The FTC found companies gathering detailed personal information, such as the websites you visit, your location data, your demographic information, and your interests, including sensitive interests like “divorce support” and “beer and spirits.” Some companies could only report high-level descriptions of the user attributes they tracked, while others produced spreadsheets with thousands of attributes. 

There’s Unfettered Data Sharing With Third Parties

Once companies collect your personal information, they don’t always keep it to themselves. Most companies reported sharing your personal information with third parties. Some companies shared so widely that they claimed it was impossible to provide a list of all third-party entities they had shared personal information with. For the companies that could identify recipients, the lists included law enforcement and other companies, both inside and outside the United States. 

Alarmingly, most companies had no vetting process for third parties before sharing your data, and none conducted ongoing checks to ensure compliance with data use restrictions. For example, when companies say they’re just sharing your personal information for something that seems unintrusive, like analytics, there's no guarantee your data is only used for the stated purpose. The lack of safeguards around data sharing exposes consumers to significant privacy risks.

Consumers Are Left in the Dark

The FTC report reveals a disturbing lack of transparency surrounding how personal data is collected, shared, and used by these companies.

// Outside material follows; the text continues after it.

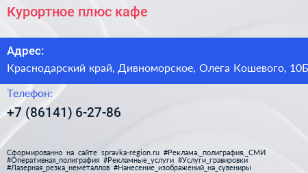 Курортное плюс, кафе по адресу Краснодарский край, Дивноморское, Олега Кошевого, 10Б в дальнейшем Организация, размещена в следующих категориях: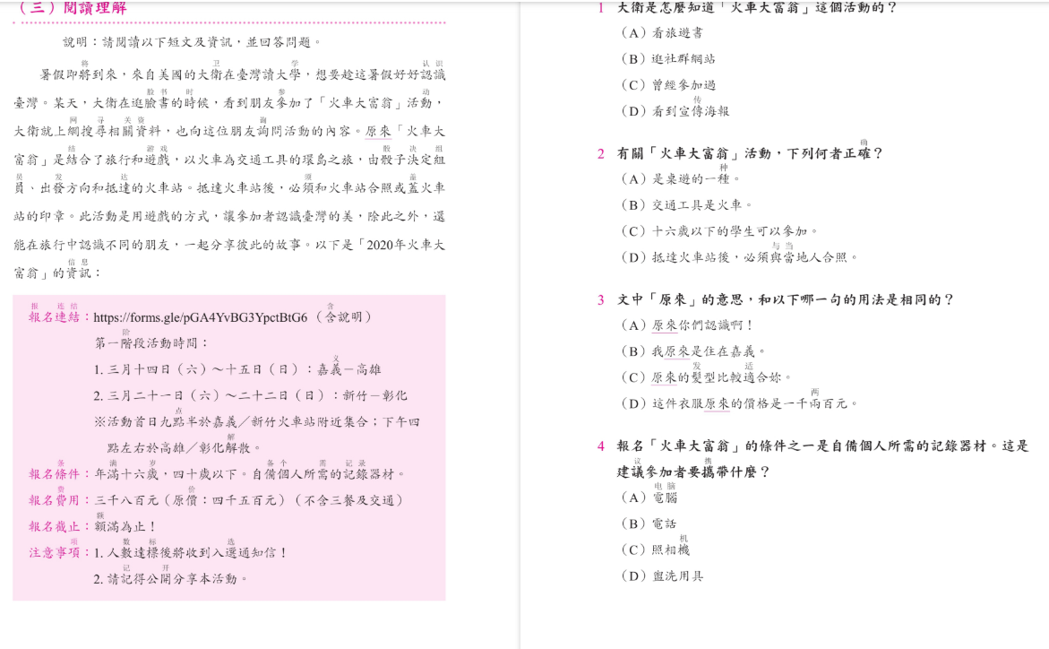 視程度也會摘選新聞文章、台灣學生國文考試文章做為教材

If companies can’t tell the FTC who they share data with, how can you expect them to be honest with you?

Data tracking and sharing happens behind the scenes, leaving users largely unaware of how much privacy they’re giving up on different platforms. These companies don't just collect data from their own platforms—they gather information about non-users and from users' activity across the web. This makes it nearly impossible for individuals to avoid having their personal data swept up into these vast digital surveillance networks. Even when companies offer privacy controls, the controls are often opaque or ineffective. The FTC also found that some companies were not actually deleting user data in response to deletion requests.

The scale and secrecy of commercial surveillance described by the FTC demonstrates why the burden of protecting privacy can’t fall solely on individual consumers.

Surveillance Advertising Business Models Are the Root Cause

The FTC report underscores a fundamental issue: these privacy violations are not just occasional missteps—they’re inherent to the business model of online behavioral advertising. Companies collect vast amounts of data to create detailed user profiles, primarily for targeted advertising. The profits generated from targeting ads based on personal information drive companies to develop increasingly invasive methods of data collection. The FTC found that the business models of most of the companies incentivized privacy violations.

FTC Report Underscores Urgent Need for Legislative Action

Without federal privacy legislation, companies have been able to collect and share billions of users’ personal data with few safeguards. The FTC report confirms that self-regulation has failed: companies’ internal data privacy policies are inconsistent and inadequate, allowing them to prioritize profits over privacy. In the FTC’s own words, “The report leaves no doubt that without significant action, the commercial surveillance ecosystem will only get worse.”

To address this, the EFF advocates for federal privacy legislation. It should have many components, but these are key:

1. Data minimization and user rights: Companies should be prohibited from processing a person’s data beyond what’s necessary to provide them what they asked for. Users should have the right to access their data, port it, correct it, and delete it.
2. Ban on Online Behavioral Advertising: We should tackle the root cause of commercial surveillance by banning behavioral advertising. Otherwise, businesses will always find ways to skirt around privacy laws to keep profiting from intrusive data collection.
3. Strong Enforcement with Private Right of Action: To give privacy legislation bite, people should have a private right of action to sue companies that violate their privacy. Otherwise, we’ll continue to see widespread violation of privacy laws due to limited government enforcement resources. 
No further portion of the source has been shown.